DIRECTIONS: Retype the material below exactly, from its first line through the line with "平岡公園の紅葉・黄葉は確実に"; the pictures stay out.

____ GIVEN MATERIAL

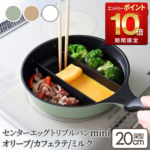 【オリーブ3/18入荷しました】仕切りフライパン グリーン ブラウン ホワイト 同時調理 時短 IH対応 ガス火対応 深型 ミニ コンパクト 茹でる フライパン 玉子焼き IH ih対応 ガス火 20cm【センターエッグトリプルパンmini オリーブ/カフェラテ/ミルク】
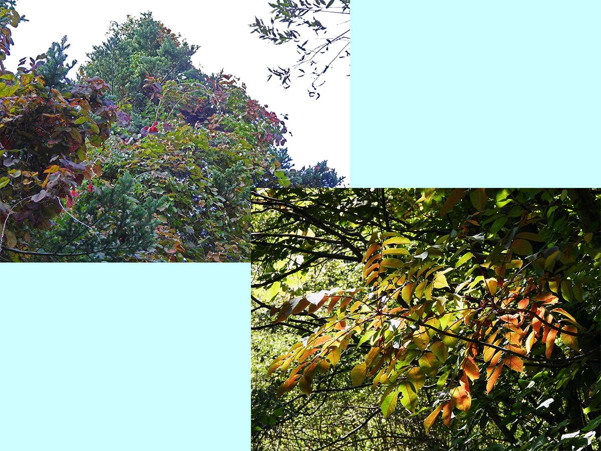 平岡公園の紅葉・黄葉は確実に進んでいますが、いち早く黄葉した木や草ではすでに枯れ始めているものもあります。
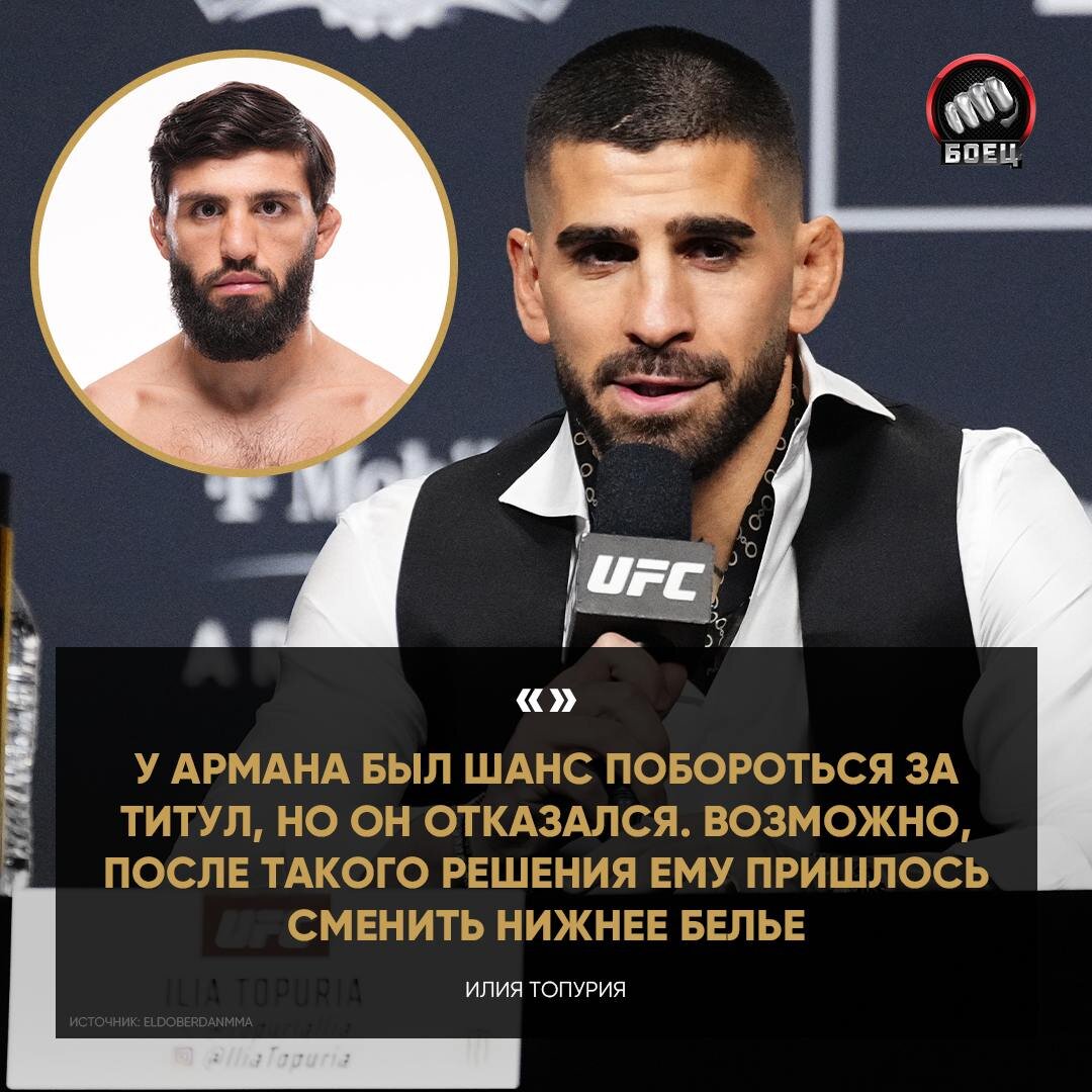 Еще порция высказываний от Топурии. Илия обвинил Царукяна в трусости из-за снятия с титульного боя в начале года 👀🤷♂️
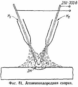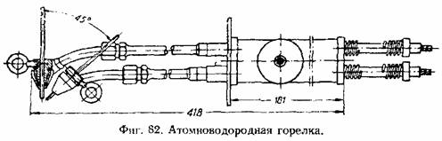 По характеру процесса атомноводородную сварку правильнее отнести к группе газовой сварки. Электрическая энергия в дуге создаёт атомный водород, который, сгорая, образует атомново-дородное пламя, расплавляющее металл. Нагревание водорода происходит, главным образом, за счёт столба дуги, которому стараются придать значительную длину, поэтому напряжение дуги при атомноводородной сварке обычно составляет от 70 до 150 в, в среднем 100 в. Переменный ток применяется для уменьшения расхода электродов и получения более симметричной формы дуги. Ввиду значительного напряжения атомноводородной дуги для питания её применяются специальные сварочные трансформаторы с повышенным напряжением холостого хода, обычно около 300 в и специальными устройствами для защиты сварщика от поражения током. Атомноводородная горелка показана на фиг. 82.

________

THE COMPLETED TASK:
 【オリーブ3/18入荷しました】仕切りフライパン グリーン ブラウン ホワイト 同時調理 時短 IH対応 ガス火対応 深型 ミニ コンパクト 茹でる フライパン 玉子焼き IH ih対応 ガス火 20cm【センターエッグトリプルパンmini オリーブ/カフェラテ/ミルク】
 平岡公園の紅葉・黄葉は確実に進んでいますが、いち早く黄葉した木や草ではすでに枯れ始めているものもあります。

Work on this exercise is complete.